##### Material for this task

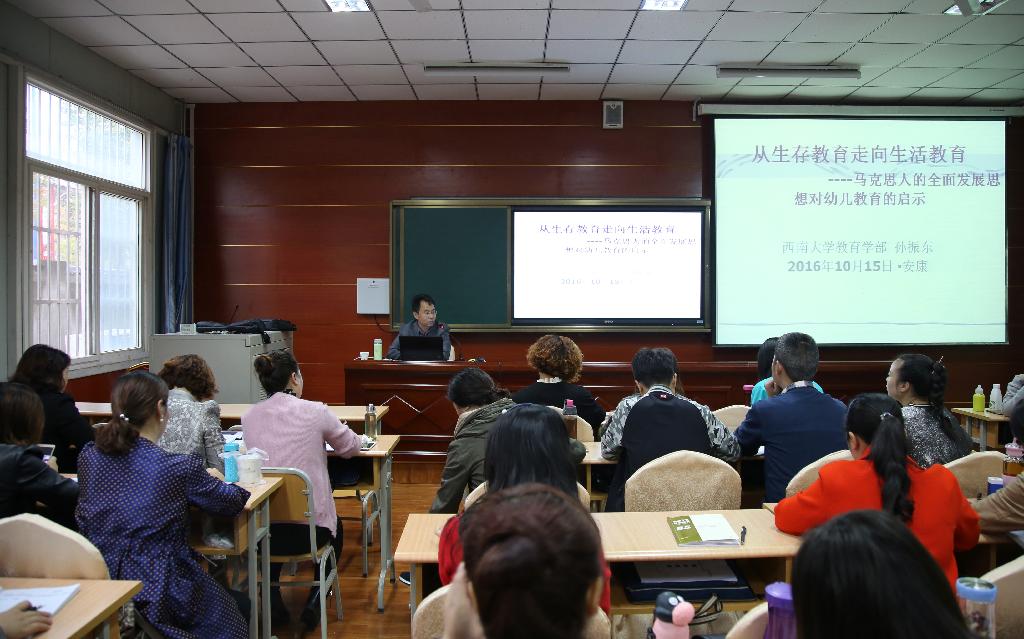 2016年10月10日——10月24日,由陕西省教育厅主办、学校继续教育学院承办的 “幼师国培(2016)”——陕西省乡村幼儿园园长培训项目顺利实施。为了提高参训学员水平,高质量完成培训项目,学校先后邀请江苏师范大学学前教育首席教授、张新立博士,西南大学李姗泽、孙振东3位专家教授到校为71名参训的乡村幼儿园园长、我校教育学院部分师生和城区幼儿园教师代表作了3场高水平学术报告。
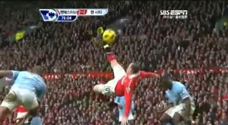 '2010~2011 잉글랜드 프리미어리그' 맨유와 맨시티의 경기에서는 EPL 출범 20주년 기념 어워드 '최고의 골' 부문에서 1위에 오른 웨인 루니의 시저스킥이 나왔다.
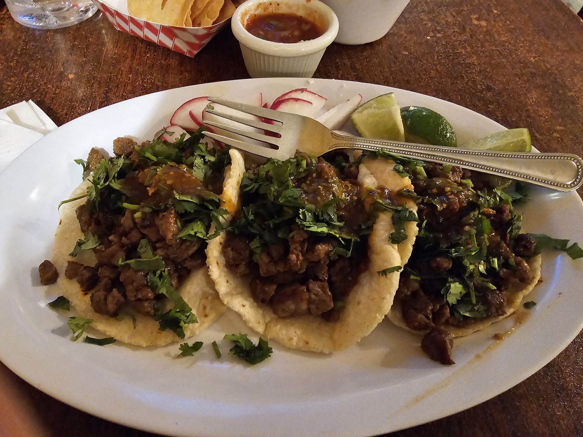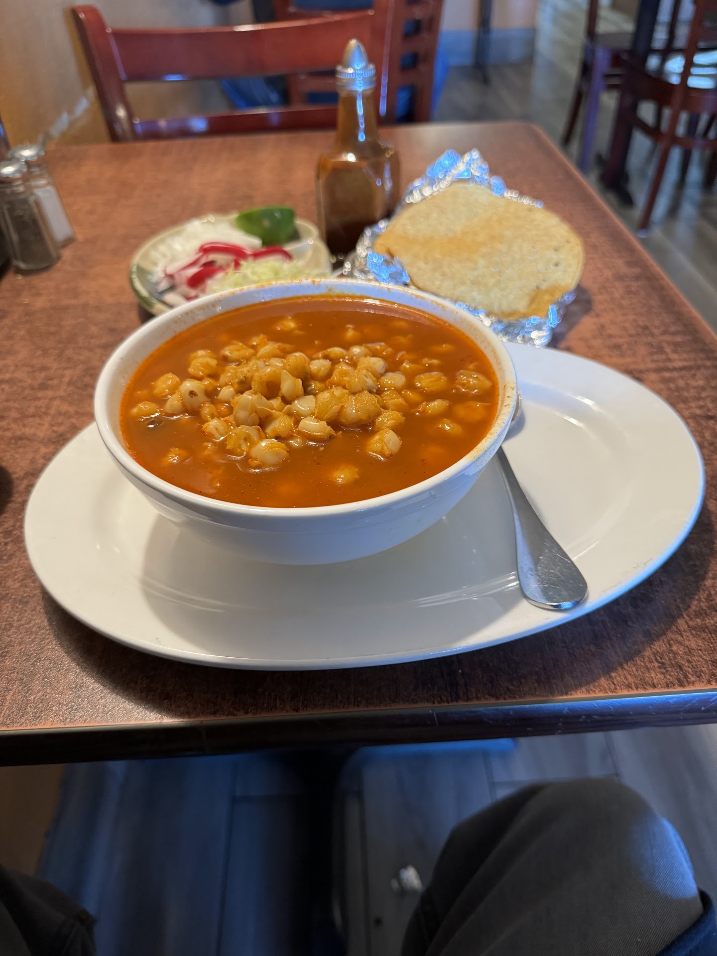 The restaurant sits on a corner right across from The Artichoke Casino. I ordered the special on Fridays, the Pozole, chips and salsa are served when you take a seat, once the Pozole arrived I noticed that it was a bit warm, I like my food hot, the Pozole was served with sliced cabbage, onions, radishes and lime along two of the house tostadas and a bottle of house hot sauce, I only tried a few drops of the salsa that had that Ghost Pepper feeling to it…the heat stays with you even after 10/15 minutes pass by all around your palate. The broth was flavorful and included plenty of hominy, the pork chunks were pretty good. The service ladies did a great job taking care of the customers. I will definitely return when in the area next...
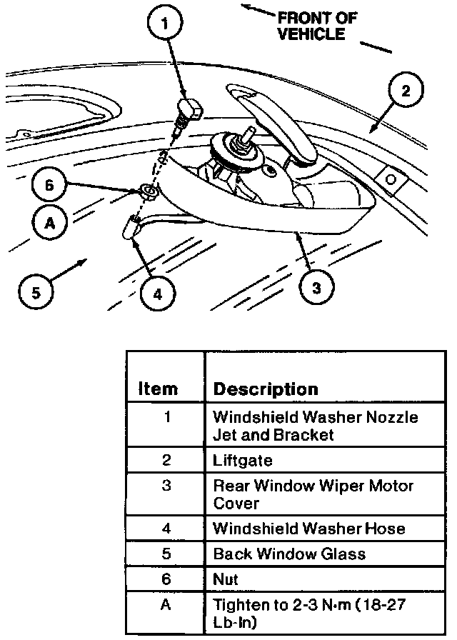 The rear window washer system:- Uses a single windshield washer nozzle jet and bracket mounted to the back window glass.
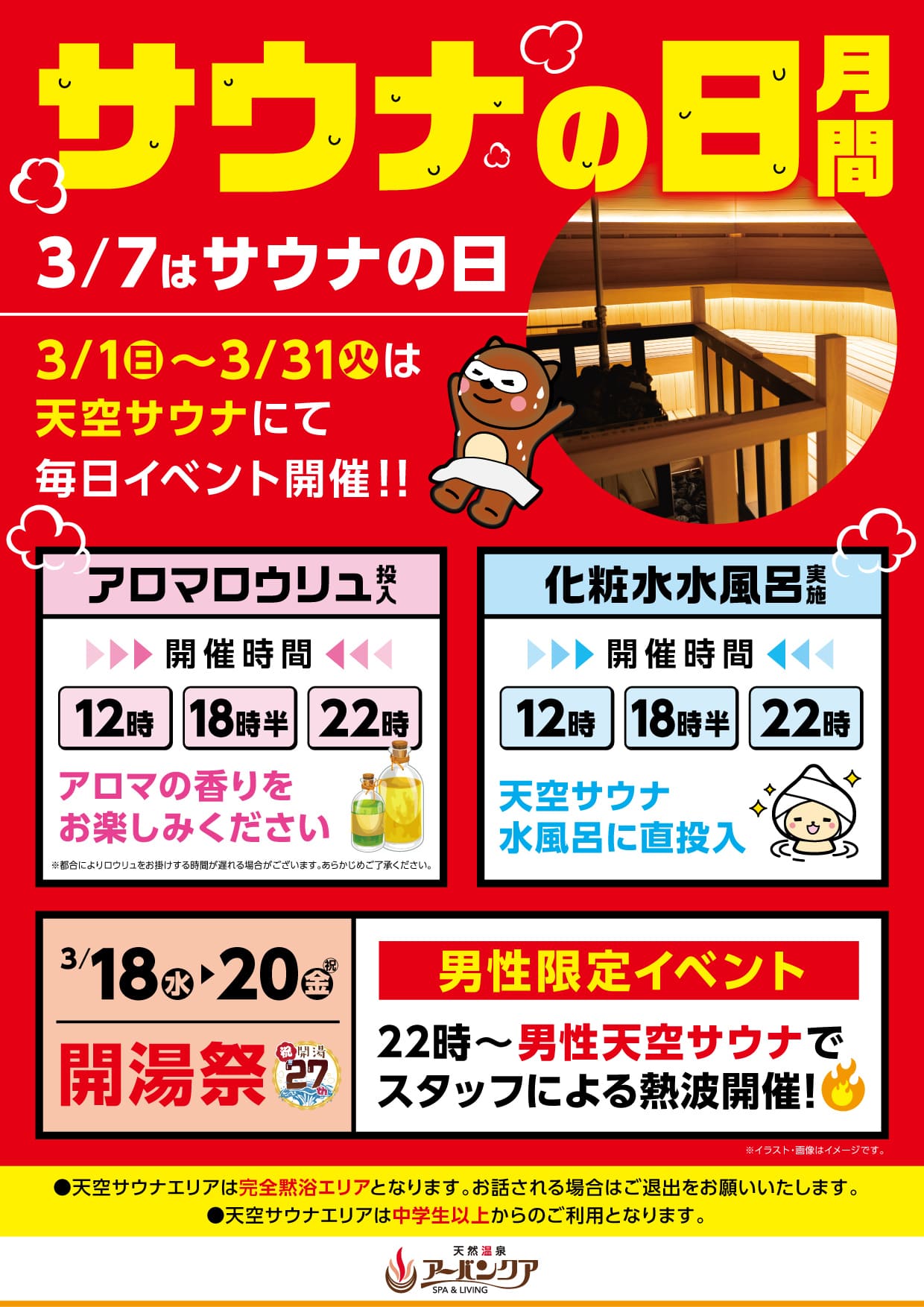 【3月イベント情報まとめ】アーバンクア天空サウナ&27周年感謝祭

##########

**What is needed**
Retype the line containing "The restaurant sits" and all lines after it through the end of the material, exactly and only those, leaving out pictures.

**Answer to this problem**
 The restaurant sits on a corner right across from The Artichoke Casino. I ordered the special on Fridays, the Pozole, chips and salsa are served when you take a seat, once the Pozole arrived I noticed that it was a bit warm, I like my food hot, the Pozole was served with sliced cabbage, onions, radishes and lime along two of the house tostadas and a bottle of house hot sauce, I only tried a few drops of the salsa that had that Ghost Pepper feeling to it…the heat stays with you even after 10/15 minutes pass by all around your palate. The broth was flavorful and included plenty of hominy, the pork chunks were pretty good. The service ladies did a great job taking care of the customers. I will definitely return when in the area next...
 The rear window washer system:- Uses a single windshield washer nozzle jet and bracket mounted to the back window glass.
 【3月イベント情報まとめ】アーバンクア天空サウナ&27周年感謝祭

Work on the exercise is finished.